饶是如此,此后我竟还是任由她画了那么多以我为模特的画。
我没想配合她,但是她趁人之危,连上课打盹儿都能被她的画纸抓拍。
久而久之,我学会了平常心。遮掩耳目,不去听那些人对元薇真和阿然的吹捧,忽略所谓的般配之言,元薇真和我并没什么瓜葛,她喜欢画就画,难不成我还得特意花心思去盯她?除非闲得慌。

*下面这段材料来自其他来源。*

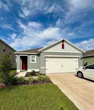 Welcome to this 3-bedroom, 2-bath single-family home in the desirable Cascades of Davenport. Built in 2023, this property offers a modern layout with an open living room, dining area, and kitchen featuring stainless steel appliances, solid countertops, and a center island. The home includes ceramic tile flooring throughout the main living areas and kitchen, with carpeted bedrooms for added comfort. The spacious primary bedroom offers a walk-in closet and a private bathroom with dual vanities. Additional highlights include a smart home system and a fenced backyard providing added privacy and outdoor usability. Located minutes from US-27, I-4, schools, shopping centers, restaurants, medical facilities, and Central Florida attractions. Community amenities include a playground, community pool and outdoor walking spaces.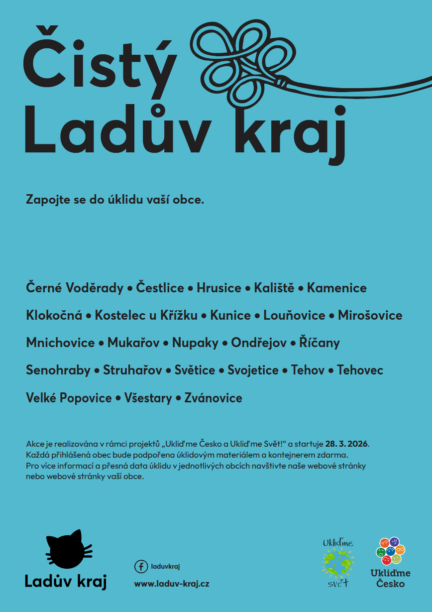 Jako každý rok i letos pořádáme za podpory národních iniciativ Ukliďme Česko a Ukliďme svět výzvu Čistý Ladův kraj. Tyto organizace nám poskytují úklidový materiál a naše společenství zároveň zajišťuje pro členské obce svozové kontejnery na sesbíraný odpad. Rádi bychom vás tímto pozvali k účasti na této společné akci.
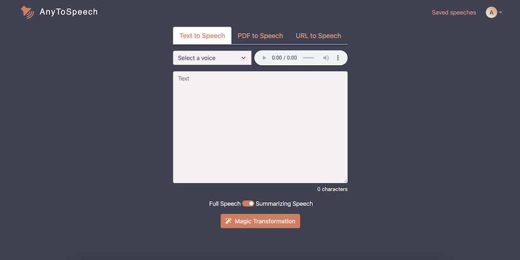 AnyToSpeech - An easy way to convert text, URL or PDF to speech | Product Hunt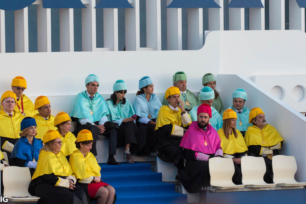 Il semblerait qu'en Espagne il soit de bon ton chez les professeurs de se coiffer d'un abat-jour. Ils n'attendent que la lumière ...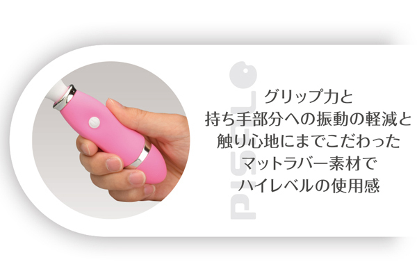 アクションは12種類搭載!持ち手にはマットラバーを、ヘッドには柔らかな医療用シリコンを採用し長時間のプレイにも対応、メンテナンスしやすい生活防水設計。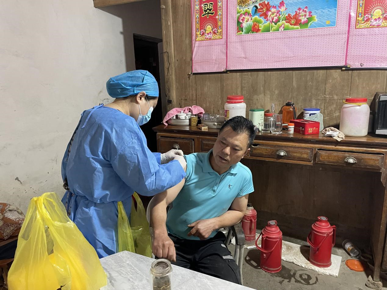 驻村第一书记带领防疫人员上门为村民接种新冠疫苗。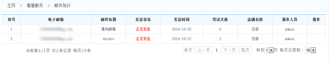 郵件統(tǒng)計(jì):顯示郵件發(fā)送列表.

“江兰,听说你从苗族来?”某一日,她拿着笔写写画画,头都没抬,唤我。
我瞥她一眼,示意她有事说事。
她却没再说话,继续折腾她的草稿纸。
我满头黑线,打算移开目光,下一刻,她挪开手,语气淡淡道:“银冠的确比刘海更与你相配。”
我看见那空白纸页上一个惟妙惟肖的人,头顶银冠,身着苗服,搭配着常见的苗族银饰。
因为是铅笔画的,没有颜色,却足以瞧见那银冠细致的纹样——细长的镂花银片,蹁跹的蝴蝶蜻蜓,错落的小银花簇,还有中央最显眼的银凤。
最后,是一排紧凑繁复的流苏。
每一笔对于手绘而言都很细致,每一笔都需要作画人仔细观摩过银冠的结构。
它被刻画得是那样栩栩如生,就像过去十多年每次节日或祭祀女人们都会戴的银冠,鲜活而生动。
我少见地出了会儿神。
自从把那些东西收起来之后,我已经很久没有见到过苗族的服饰了。
有时候会觉得空荡荡的,有时候又觉得干净利落就很好。
“我最近对苗族的服饰很感兴趣,特意买了一顶银冠,亲手拆卸组装过。”元薇真道,“你帮我看看,这画符不符合苗族的特点?”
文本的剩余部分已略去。